The comments echo lessons emerging from Australia, which introduced the world’s first under-16 social media ban last year and has already prompted debate around the future of youth targeting, creator marketing and audience engagement.
For Miles Dagnall, business development manager at Manchester-based Edison Media, however, the bigger question is whether brands should have been trying to reach under-16s directly in the first place.
“The biggest change here is not whether brands can still reach under-16s on social media,” he said.
“A better question is whether many brands should have been trying to reach them directly in the first place.
“There have already been clear rules on marketing to children on social media for years, so I do not think this will cause the sudden disruption some people expect.”
The rise of family marketing
Dagnall believes the ban could encourage brands to think beyond the individual child and focus more on wider household decision-making.
“We work with a lot of colleges, where the audience often includes 15-year-olds making decisions about open events, courses and what they do after school,” he said. “On paper, that looks like a youth audience.

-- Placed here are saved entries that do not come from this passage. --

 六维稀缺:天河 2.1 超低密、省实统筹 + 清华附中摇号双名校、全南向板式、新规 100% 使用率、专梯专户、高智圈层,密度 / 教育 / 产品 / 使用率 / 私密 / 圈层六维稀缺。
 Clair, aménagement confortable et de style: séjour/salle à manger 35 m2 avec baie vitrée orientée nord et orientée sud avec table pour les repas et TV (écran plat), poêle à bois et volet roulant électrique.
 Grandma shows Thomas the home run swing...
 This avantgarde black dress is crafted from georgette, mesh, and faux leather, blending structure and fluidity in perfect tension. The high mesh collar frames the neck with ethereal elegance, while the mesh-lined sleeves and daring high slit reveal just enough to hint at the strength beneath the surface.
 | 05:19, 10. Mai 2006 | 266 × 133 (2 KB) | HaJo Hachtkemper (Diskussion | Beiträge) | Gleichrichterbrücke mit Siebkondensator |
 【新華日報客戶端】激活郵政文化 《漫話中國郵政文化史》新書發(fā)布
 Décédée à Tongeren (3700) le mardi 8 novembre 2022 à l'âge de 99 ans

In reality, it is a family decision.
“Parents, carers, schools, friendship groups, local reputation, transport, cost, confidence and future career prospects all play a part.”

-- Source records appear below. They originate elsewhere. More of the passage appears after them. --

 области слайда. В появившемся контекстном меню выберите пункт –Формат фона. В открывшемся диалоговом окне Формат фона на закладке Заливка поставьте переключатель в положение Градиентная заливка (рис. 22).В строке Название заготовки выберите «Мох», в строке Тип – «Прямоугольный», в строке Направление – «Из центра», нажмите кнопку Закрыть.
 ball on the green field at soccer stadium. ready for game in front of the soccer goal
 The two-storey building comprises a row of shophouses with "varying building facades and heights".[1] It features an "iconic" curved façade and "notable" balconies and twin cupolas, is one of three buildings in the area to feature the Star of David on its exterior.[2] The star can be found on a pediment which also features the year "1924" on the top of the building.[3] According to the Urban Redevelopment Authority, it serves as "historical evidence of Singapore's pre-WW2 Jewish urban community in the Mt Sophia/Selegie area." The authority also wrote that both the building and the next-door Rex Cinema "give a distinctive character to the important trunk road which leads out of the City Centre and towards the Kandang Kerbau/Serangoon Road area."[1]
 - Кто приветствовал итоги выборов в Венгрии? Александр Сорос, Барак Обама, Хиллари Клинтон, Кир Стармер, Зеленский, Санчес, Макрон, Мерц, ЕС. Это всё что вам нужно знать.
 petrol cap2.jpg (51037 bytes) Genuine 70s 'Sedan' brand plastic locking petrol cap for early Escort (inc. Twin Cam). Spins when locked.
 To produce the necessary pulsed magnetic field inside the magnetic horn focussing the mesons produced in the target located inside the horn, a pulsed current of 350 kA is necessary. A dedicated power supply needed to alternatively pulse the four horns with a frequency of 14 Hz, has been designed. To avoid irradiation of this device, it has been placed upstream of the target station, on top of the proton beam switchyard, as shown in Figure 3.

If social media becomes a less direct route to younger audiences, he believes brands will need to strengthen other channels.
“For education brands, this means parent and guardian messaging becomes more important. Search becomes more important. CRM becomes more important. School partnerships, local media, open-event journeys and first-party data become more important.
“The job is not just to get a teenager to click. It is to help a household make a confident decision.”
Why first-party data matters more than ever
The announcement also comes as brands increasingly prioritise first-party data, CRM and owned audiences as privacy regulations tighten and third-party cookies disappear.
O’Connor believes the obvious response for many brands will be to invest more heavily in communities, direct relationships and experiential activity.
“The question on first-party data is interesting as yes, that would be the obvious move. Build a community and drive this community to more IRL or experiential events,” he said. “However, the challenge there is the strict rules on targeting under-16s.”
He added that marketers still face a fundamental question.
“The question remains where do these brands engage and build these communities when the social media platforms targeting this audience are no longer available to build these communities on.”
Has the horse already bolted?
Others question whether policymakers can realistically put the genie back in the bottle. Mirage Islam, senior lecturer in digital marketing at the University of Salford, said social media has already fundamentally changed the relationship between brands and younger consumers.
“Additionally, new commercial ecosystems have been created due to social media who rely heavily on impressing young audiences – this is going to have an impact on the marketing and advertising industry,” he said.
“I’m not sure the policymakers have the technology and commercial know how to enforce this decision. For all intents and purposes, the horse has already bolted.”
Islam also warned that technology companies have often moved faster than regulators.
“Technology companies, who designed these platforms to be addictive, are streets ahead of the policymakers,” he said. “So policing this decision, especially when the technology companies wield so much power, is going to be ever harder.”
With further details of the government’s plans expected next month, marketers, agencies and platforms now face a period of uncertainty as they assess what one of the biggest changes to the UK’s digital landscape could mean for audience engagement, creator marketing and youth-focused campaigns.